* **Task to carry out**
Two lines in the listing below mark the span: one contains "导弹车特点:攻打直升机增加25%伤害,减免导弹车伤害20%,自带暴击。" and one contains "孫夢陽贈(zèng)錦(jǐ". Reproduce both of them and everything between, exactly.

* **Extracted entries**
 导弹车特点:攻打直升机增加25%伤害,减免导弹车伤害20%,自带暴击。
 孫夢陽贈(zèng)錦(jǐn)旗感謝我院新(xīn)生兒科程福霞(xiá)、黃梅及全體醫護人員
--
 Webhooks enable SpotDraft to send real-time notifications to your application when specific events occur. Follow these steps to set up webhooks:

* **Task output**
 导弹车特点:攻打直升机增加25%伤害,减免导弹车伤害20%,自带暴击。
 孫夢陽贈(zèng)錦(jǐn)旗感謝我院新(xīn)生兒科程福霞(xiá)、黃梅及全體醫護人員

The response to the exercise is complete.